Just three months after legalization, Linton had assets in Europe, Africa, and South America. He had health drinks and hair care, not to mention the most funded capacity in Canada and a line of weed drinks and edibles ready to hit the stores, which he owned thanks to Tokyo Smoke. Retail was coming to Ontario, and now Linton also had Snoop Dogg and Acreage. Linton and Zekulin flew to New York to pitch Martha Stewart; Chung says Linton’s ready-to-bake concepts blew the entrepreneur away. “Bruce and Martha hit it off and the deal was consummated,” says Chung. In February 2019, Canopy Growth officially partnered with Martha.

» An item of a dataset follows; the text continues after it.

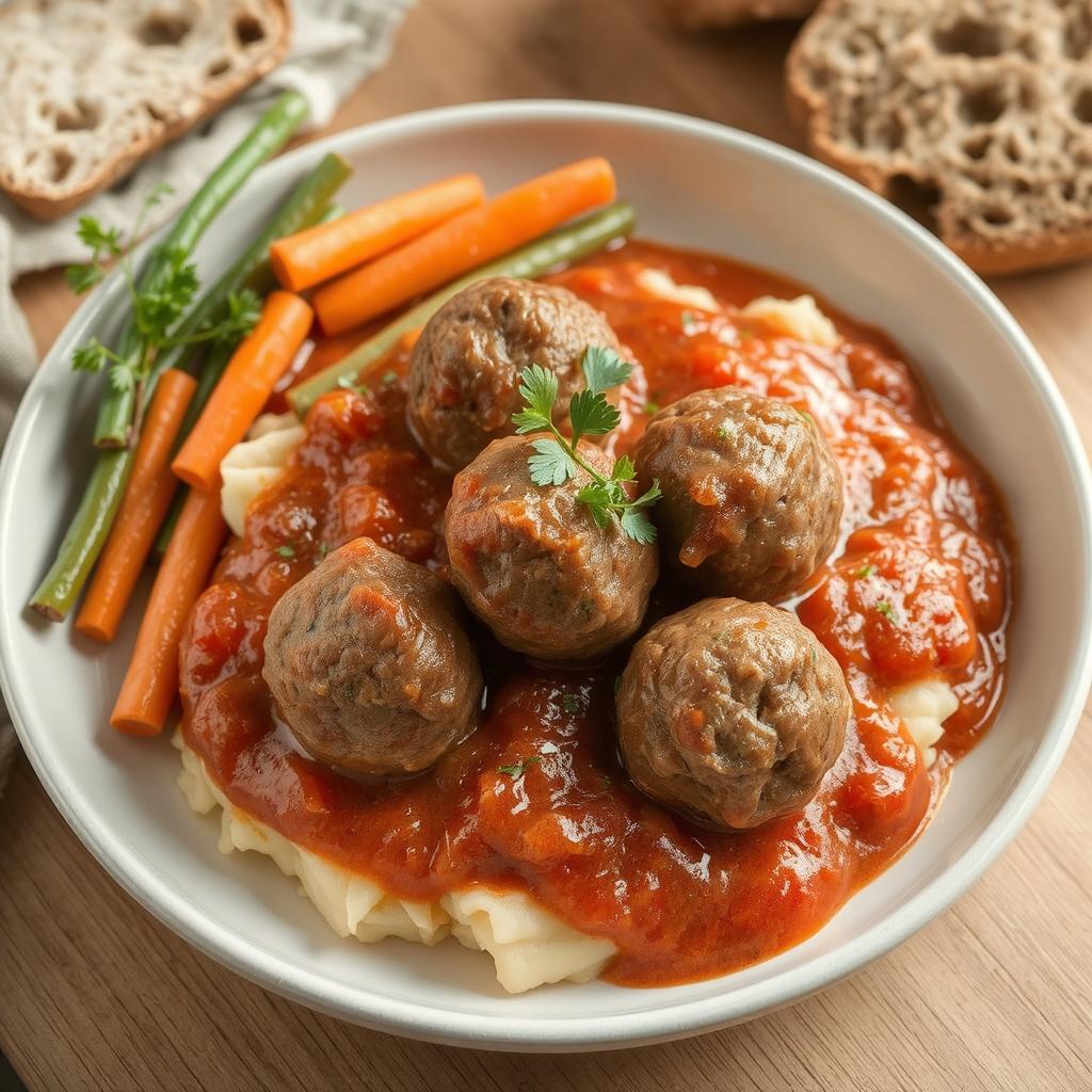 - Servering: Anrett kjøttbollene med tomatsaus over fullkornspasta eller server dem alene med en frisk salat.

“The bigger the place got, the easier it was to run,” says Linton. “I have more levers, more triggers, better currency, a better team — we need to always be moving.” Linton didn’t offer workers a shoulder to cry on or understand burn-out or fatigue. “I’m a bad motivational speaker,” he says. “I told the team, if this feels stressful and you’re bitching on your way to work, talk to HR. Stress should be when you have nothing to do because you’re going to get laid off. If you’re twenty-seven, this is the most interesting work experience you’ll ever have in your life. When do all of these things synchronize in the world — let alone Canada?”

Chapter 12 Dark Clouds
“The industry’s fucked.”
Stephen Arbib
Dollars behind the Constellation investment into Canopy were negotiable, Bruce Linton says. The billions. What wasn’t negotiable was the number of seats that Constellation would have on the Canopy board. Linton could have his money, but he’d lose his autonomy — and that condition wasn’t going to change. Conversations between the two brands began in 2016, and Linton knew he needed a flush American partner to extend his product range and distribution network. He had gotten close to inking a deal with Diageo, the British distributor of Guinness, Johnnie Walker, and Captain Morgan rum. But it was still difficult to get mainstream buy-in from non-cannabis brands, despite major industries witnessing the valuations of the Canadian weed companies. Alcohol, as a vice industry, was the category analysts expected to be most negatively impacted by cannabis sales. All the new pot smokers might not need as much booze.